**Requirement:** A verbatim restatement of the data, free of pictures, is what you should output.

**Records for the exercise:**
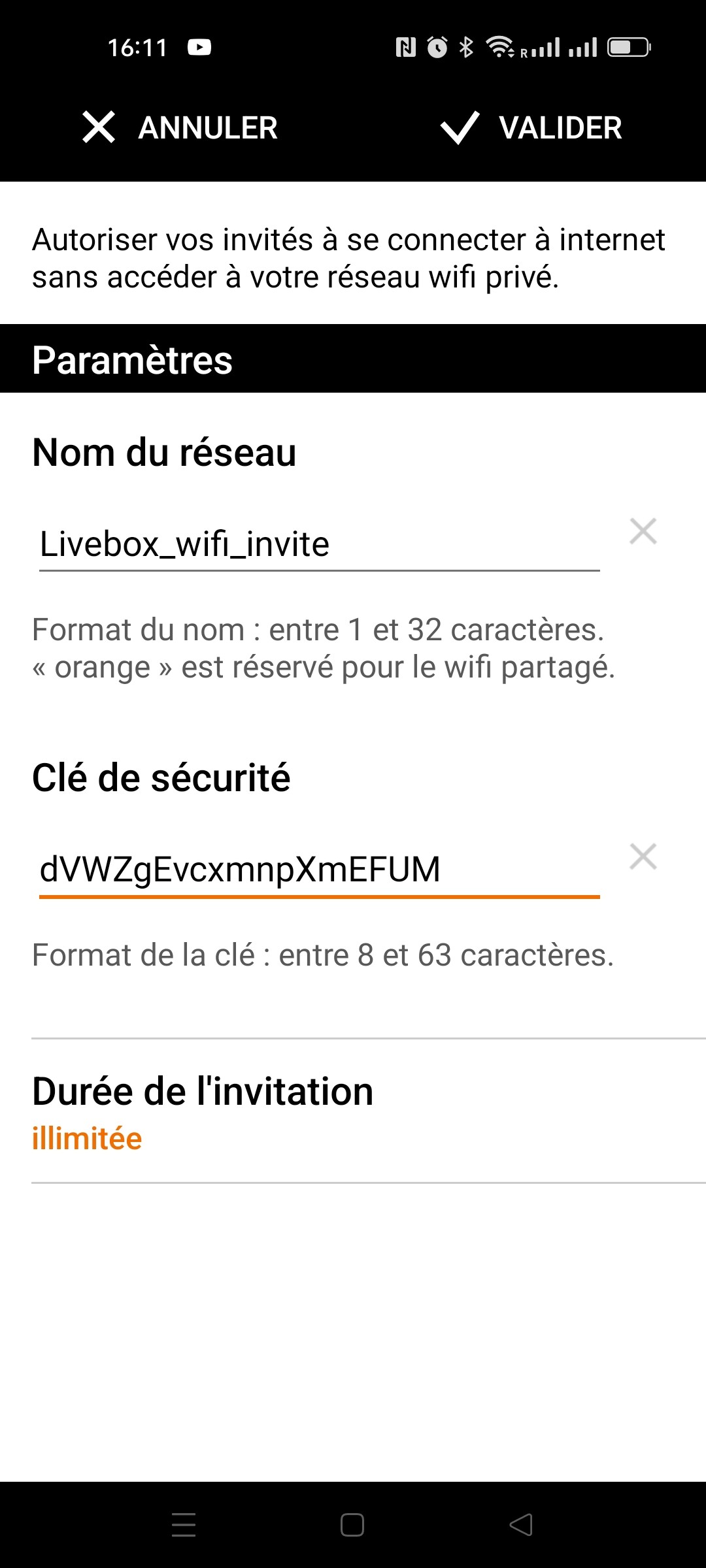 In the app, you just click “wi-fi invitée”. It asks you to choose a name for this guest wi-fi network plus create a password. The minimum password length is 8 characters so there should be no issues with entering it on your Hyundai TV. You then choose how long it should be created for but can choose “illimité”.
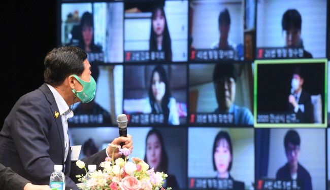 나머지 신규 공무원들은 이를 화상회의 플랫폼 ‘줌(Zoom)’을 통해 실시간으로 지켜봤고, 행사장 내 설치된 대형 LED화면을 통한 ‘새내기 공직자 토크콘서트’도 진행됐다.
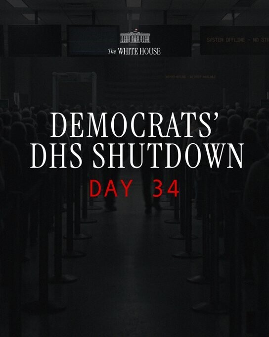 Day 34 of the Democrat Shutdown: Stop the games, drop reckless demands, & fully fund DHS. https://truthsocial.com/@WhiteHouse/116256862770276419
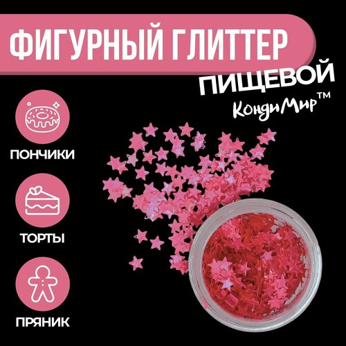 Фигурный глиттер кандурин пищевой "Звезды розовые" / Пищевая добавка-краситель
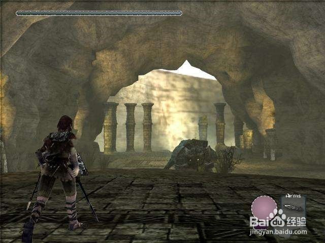 1、巨像牛头怪,跳到巨像小腿肚子上,刺弱点,巨像下跪。从小腿肚子跳到大腿护甲上,再从大腿护甲一口气爬到腰部小平台上。爬到头顶弱点,等巨像不动时,按一下攻击蓄力,观察右下角耐力槽,一个光圈从中心向外扩散,光圈越大刺入力量也越大,再按一下攻击刺入。
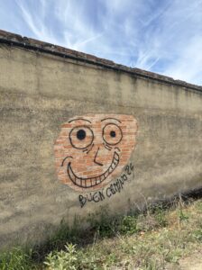 町をでてすぐ、またまた分かれ道です。私たちは右のルートを選択。(地面に、左😕、右☺️の落書きもありました。そりゃ☺️を選ぶよね。)

**Solved exercise:**
 In the app, you just click “wi-fi invitée”. It asks you to choose a name for this guest wi-fi network plus create a password. The minimum password length is 8 characters so there should be no issues with entering it on your Hyundai TV. You then choose how long it should be created for but can choose “illimité”.
 나머지 신규 공무원들은 이를 화상회의 플랫폼 ‘줌(Zoom)’을 통해 실시간으로 지켜봤고, 행사장 내 설치된 대형 LED화면을 통한 ‘새내기 공직자 토크콘서트’도 진행됐다.
 Day 34 of the Democrat Shutdown: Stop the games, drop reckless demands, & fully fund DHS. https://truthsocial.com/@WhiteHouse/116256862770276419
 Фигурный глиттер кандурин пищевой "Звезды розовые" / Пищевая добавка-краситель
 1、巨像牛头怪,跳到巨像小腿肚子上,刺弱点,巨像下跪。从小腿肚子跳到大腿护甲上,再从大腿护甲一口气爬到腰部小平台上。爬到头顶弱点,等巨像不动时,按一下攻击蓄力,观察右下角耐力槽,一个光圈从中心向外扩散,光圈越大刺入力量也越大,再按一下攻击刺入。
 町をでてすぐ、またまた分かれ道です。私たちは右のルートを選択。(地面に、左😕、右☺️の落書きもありました。そりゃ☺️を選ぶよね。)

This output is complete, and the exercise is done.